Summary of Q4/2024 results and outlook of Phuoc Hoa Rubber JSC (PHR VN)

  • PHR operates in two main business segments: rubber plantation, which generates most of its revenue, and industrial park (IP) development, the primary earnings driver. The company develops IPs through three approaches: self-developing projects, cooperating with other developers to develop IP, and selling rubber land.
  • In 2024, net profit declined 5% y/y to VND469 bn, mainly due to weaker earnings from the IP segment, while the rubber segment saw profit growth. IP development remained the largest contributor, accounting for 40.9% of net profit, followed by rubber sales (38.0%), interest income (18.9%), and other segments (2.1%). Earnings from the IP segment were primarily driven by projects developed in cooperation with other developers, including Nam Tan Uyen 2 Extension and VSIP III, while no income was recorded from rubber land sales, a key earnings driver in 2023. Meanwhile, the rubber segment experienced an improvement, supported by elevated global rubber prices and increased domestic production volumes, particularly during the peak harvest season.

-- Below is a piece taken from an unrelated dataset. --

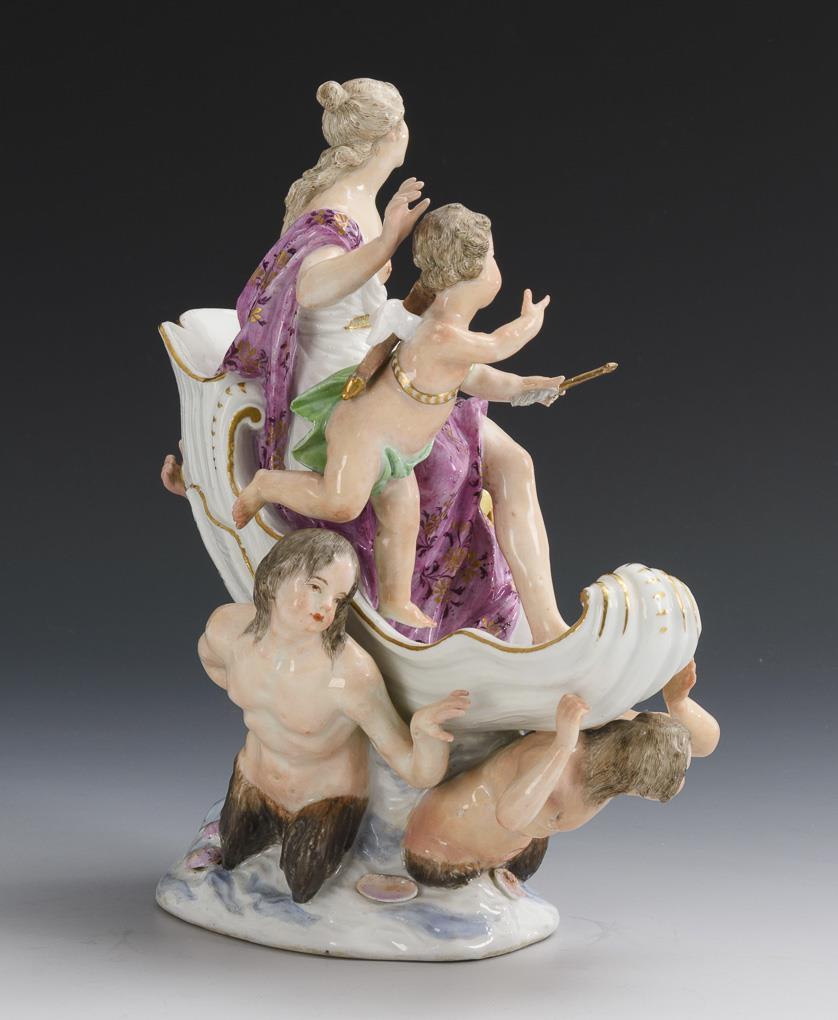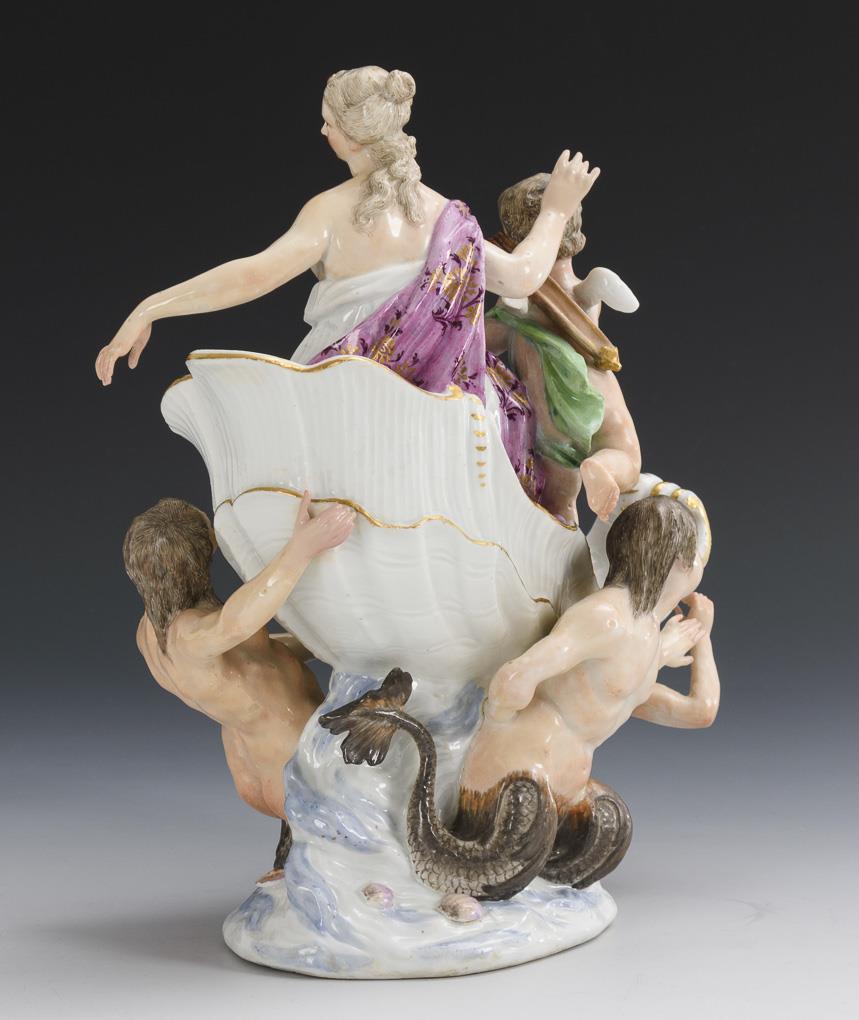Shell supported by three Nereids, in it Venus sitting with Cupid. Original part of a centerpiece with waterfall post. Restoration to 1 Nereid fin, hand and hip, both hands of Venus, 1 hand with arrow and 1 wing of Cupid restored, small glaze defects due to manufacture.

  • Looking ahead, the high occupancy rates of IPs in Binh Duong province (94%) and the Southern region (89%) highlight the urgent need for new projects to absorb rising FDI inflows. With its sizable rubber land bank in Binh Duong, PHR is well-positioned to capitalize on this demand, offering a cost-effective and efficient process for IP development. These factors are expected to further accelerate approvals for PHR’s upcoming IPs/ICs, as well as rubber land sale transactions.
  • In 2025, net profit is projected to be primarily driven by the IP segment. Growth will be supported by accelerated leasing activities at Nam Tan Uyen 2 Extension and VSIP III, with a combined projected leasing area of 50 ha. Currently, Binh Duong has approximately 900 ha of remaining leasable area, with 580 ha from Nam Tan Uyen 2 Extension and VSIP III, serving as a key supportive factor for leasing demand. Meanwhile, other business segments are expected to remain at 2024’s levels.
  • From 2026-2028, net profit is projected to be driven by rubber land sales and leasing activities from new projects. For Tan Lap 1, PHR is working with local authorities to finalize the 1/2000 master plan and secure investment approval from the Prime Minister, with leasing expected to commence in 2026. Additionally, PHR will sell 600ha to BCM for the development of Lai Hung IP and 400ha to BWE to develop Tan Long Waste Treatment Complex, with transactions expected to be completed in 2026 and 2027, respectively, further strengthening earnings grow.